Bank Indonesia (BI) berencana melanjutkan kebijakan makroprudensial longgar sepanjang 2026, dengan target pertumbuhan kredit antara 8% hingga 12% di tahun mendatang. Untuk mencapai target ini, BI akan meluncurkan program insentif senilai Rp423 triliun yang efektif mulai Desember 2025.
Program insentif ini dirancang untuk mendorong bank-bank menurunkan suku bunga pinjaman lebih cepat. Gubernur BI Perry Warjiyo menjelaskan bahwa bank yang menunjukkan penurunan suku bunga lebih cepat akan menerima insentif likuiditas makroprudensial. Langkah strategis ini merupakan bagian dari upaya BI untuk merangsang aktivitas ekonomi melalui peningkatan ketersediaan kredit.
Keputusan ini diumumkan pada Pertemuan Tahunan Bank Indonesia (PTBI) tanggal 28 November 2025, yang dihadiri oleh Presiden Prabowo Subianto. Warjiyo menekankan bahwa insentif likuiditas makroprudensial akan difokuskan untuk mendorong pertumbuhan kredit di sektor-sektor strategis pemerintah. Implementasi segera di Desember 2025 menandai percepatan program insentif.
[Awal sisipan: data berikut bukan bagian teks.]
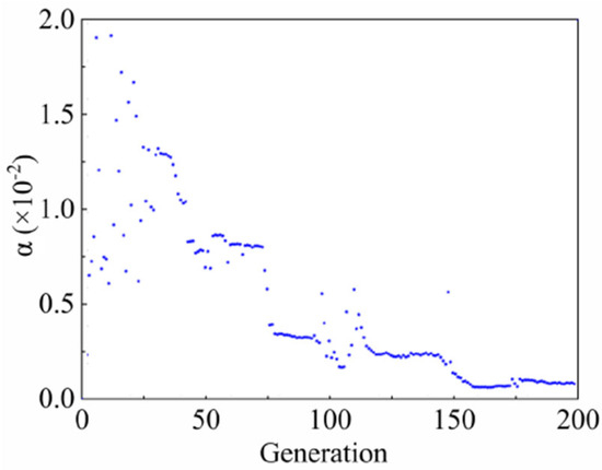where is the kth dimension objective of the ith individual along the Pareto front in the tth generation population. The convergence factor α represents the average Euclidean distance between the leading-edge individual and the previous generation. Figure 11 shows the change in α with the evolution generation. As illustrated, α decreases rapidly in the first 100 generations, indicating that the objectives gradually converge in the process of crossover, mutation, and migration. After generation 130, the evolution slows down, and the α is reduced to 0.001.

Selain inisiatif pertumbuhan kredit, BI sebagai bagian dari Komite Stabilitas Sistem Keuangan (KSSK) akan bekerja sama dengan regulator keuangan lainnya termasuk Kementerian Keuangan, Otoritas Jasa Keuangan (OJK), dan Lembaga Penjamin Simpanan (LPS) untuk memperkuat pengawasan sistem keuangan dan menjaga stabilitas. Pendekatan terkoordinasi ini bertujuan untuk merangsang pertumbuhan kredit sekaligus memastikan stabilitas keseluruhan sistem keuangan.
Pengenalan program insentif yang substansial ini diharapkan berdampak positif pada aktivitas pinjaman di sektor perbankan. Dengan memberikan insentif keuangan bagi bank untuk menurunkan suku bunga, BI bertujuan membuat kredit lebih mudah diakses dan terjangkau bagi bisnis dan konsumen, yang berpotensi meningkatkan aktivitas ekonomi dalam jangka pendek hingga menengah.